■ Exercise brief
Beginning with the line below that contains "CGW Cut-Off Wheel, Type" and ending with the line that contains "premium アンティークの世界地図 ギリシャ", retype every line exactly. Pictures are not copied.

━━━━━━━━━━━━━━━━

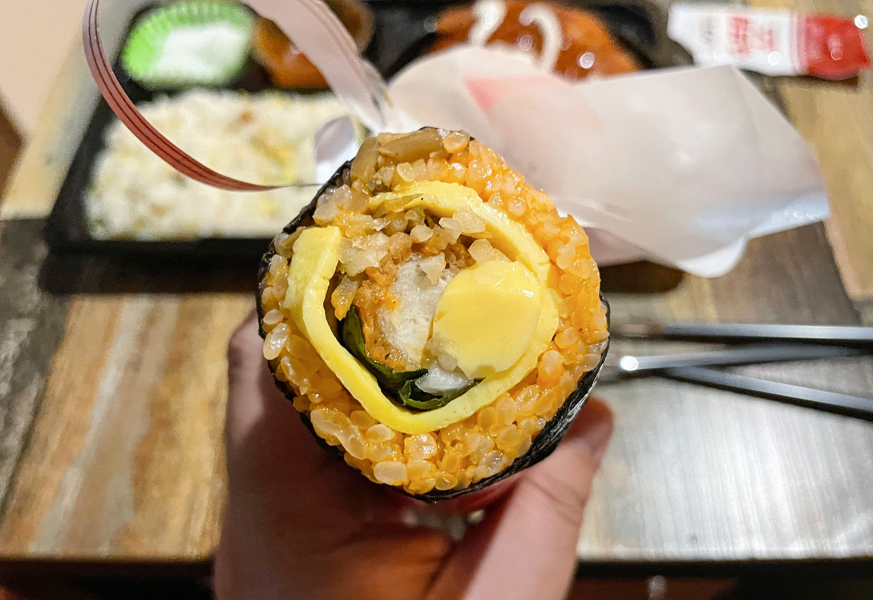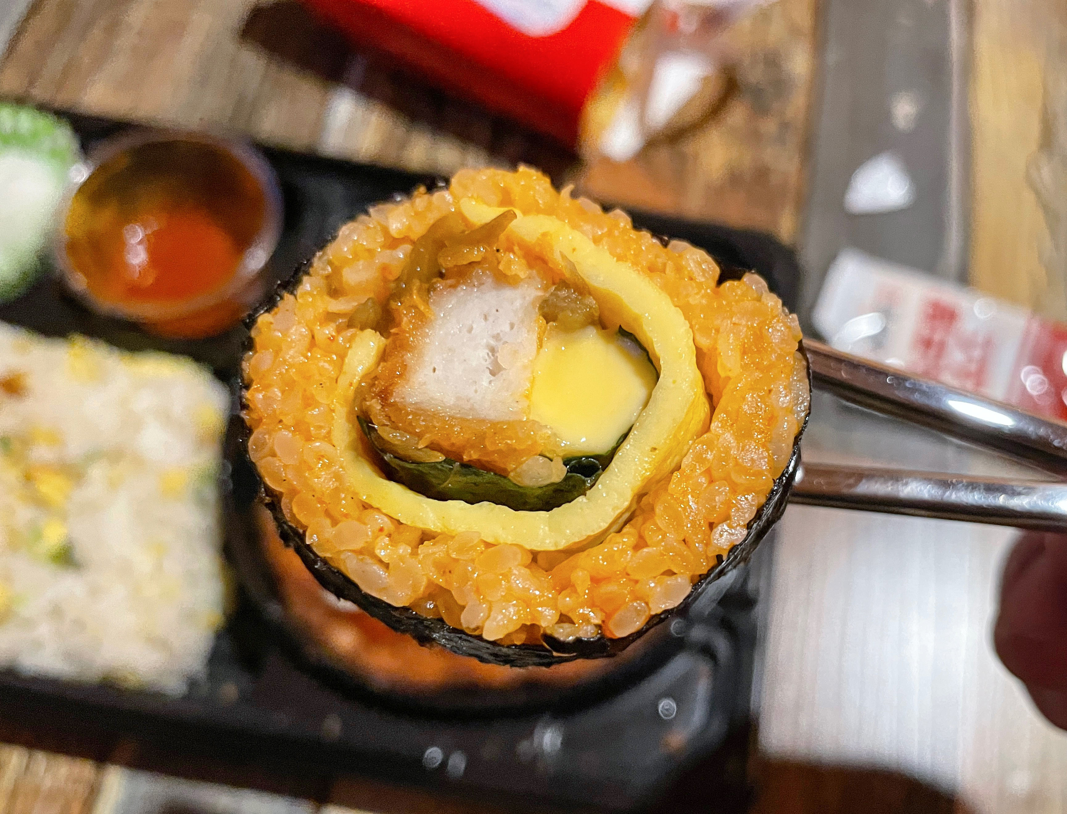 처갓집 양념치킨 김밥의 모습은 이렇습니다. 양념이 되어있는 밥과 계란지단, 튀김, 치즈 등이 들어있었습니다. 포스팅하면서 조사해보니 3,900원 처갓집 양념치킨 버거도 있다고 하네요. 김밥은 먹을만했지만 쏘쏘.
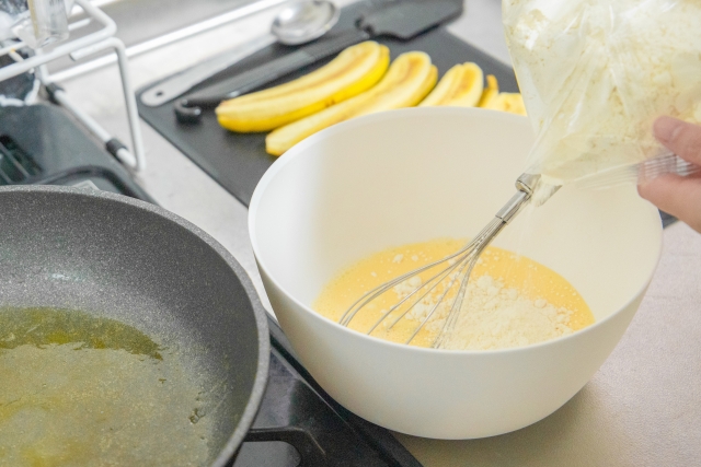 卵なしで作る場合は、バナナをしっかり潰してなめらかなピューレ状にすることが重要なポイントです。
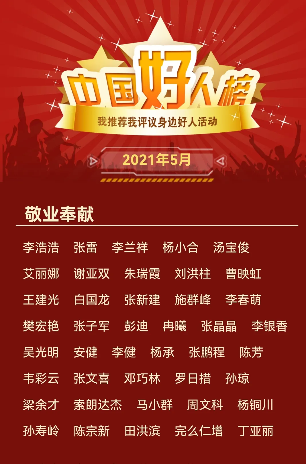 近日,中央文明办在江西省吉安市举办“中国好人榜”发布活动,发布2021年5月“中国好人榜”,105名身边好人光荣上榜。
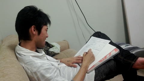 飲み会後酔ってなぜか嬉しそうに自己紹介シートを書く宗賀君なのでした。 by F
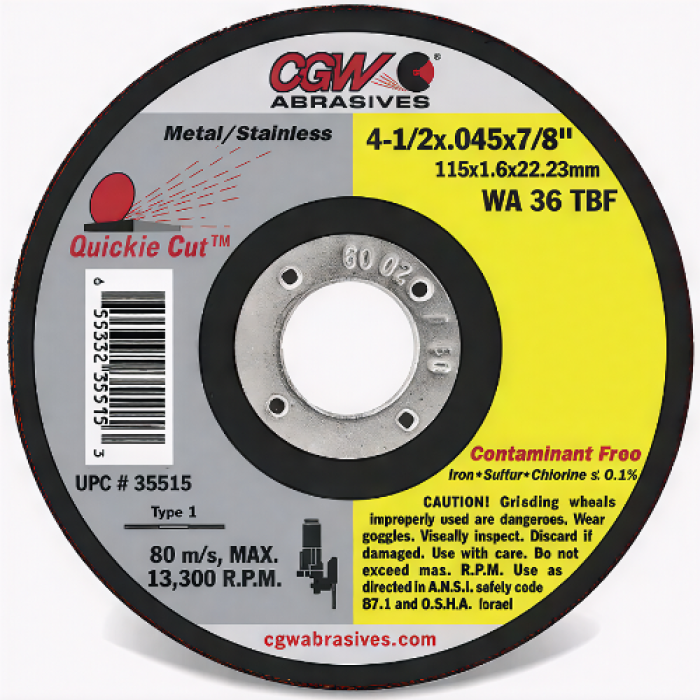 CGW Cut-Off Wheel, Type 1 Wheel, 4-1/2 in Diameter, 0.045 in Thickness, 7/8 in Arbor, 36 Grit, Aluminum Oxide Abrasive, 13300 rpm, T Hardness, Applicable Materials: Aluminum, Stainless Steel, White
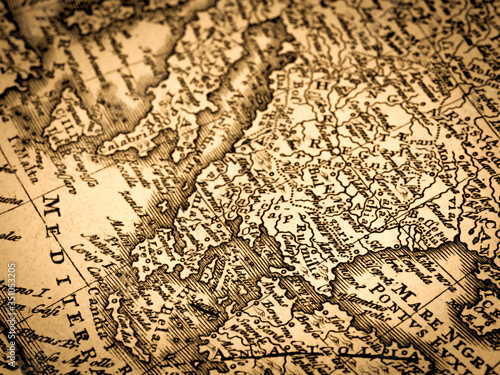 © moonrise, Fototapeta premium アンティークの世界地図 ギリシャ
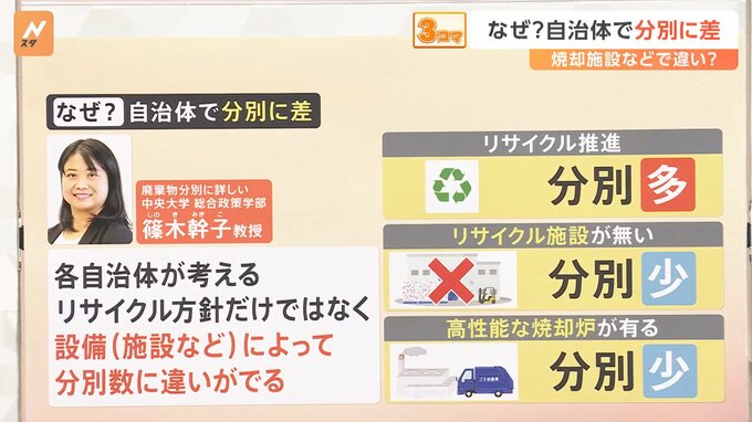 廃棄物分別に詳しい中央大学総合政策学部の篠木幹子教授によると「各自治体が考えるリサイクル方針だけではなく、設備(施設など)によって分別数に違いがでる」ということだそうです。
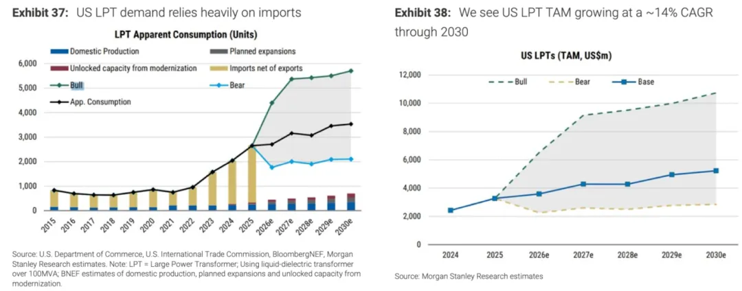 摩根士丹利全球公用事业与基础设施分析师预测,到2030年,美国大型电力变压器(LPT)的TAM将以14%的CAGR增长。在乐观情景下,2030年TAM规模可达基准情景的两倍以上,由更强的需求和更激进的平均售价(ASP)共同驱动。

━━━━━━━━━━━━━━━━

■ Output
 CGW Cut-Off Wheel, Type 1 Wheel, 4-1/2 in Diameter, 0.045 in Thickness, 7/8 in Arbor, 36 Grit, Aluminum Oxide Abrasive, 13300 rpm, T Hardness, Applicable Materials: Aluminum, Stainless Steel, White
 © moonrise, Fototapeta premium アンティークの世界地図 ギリシャ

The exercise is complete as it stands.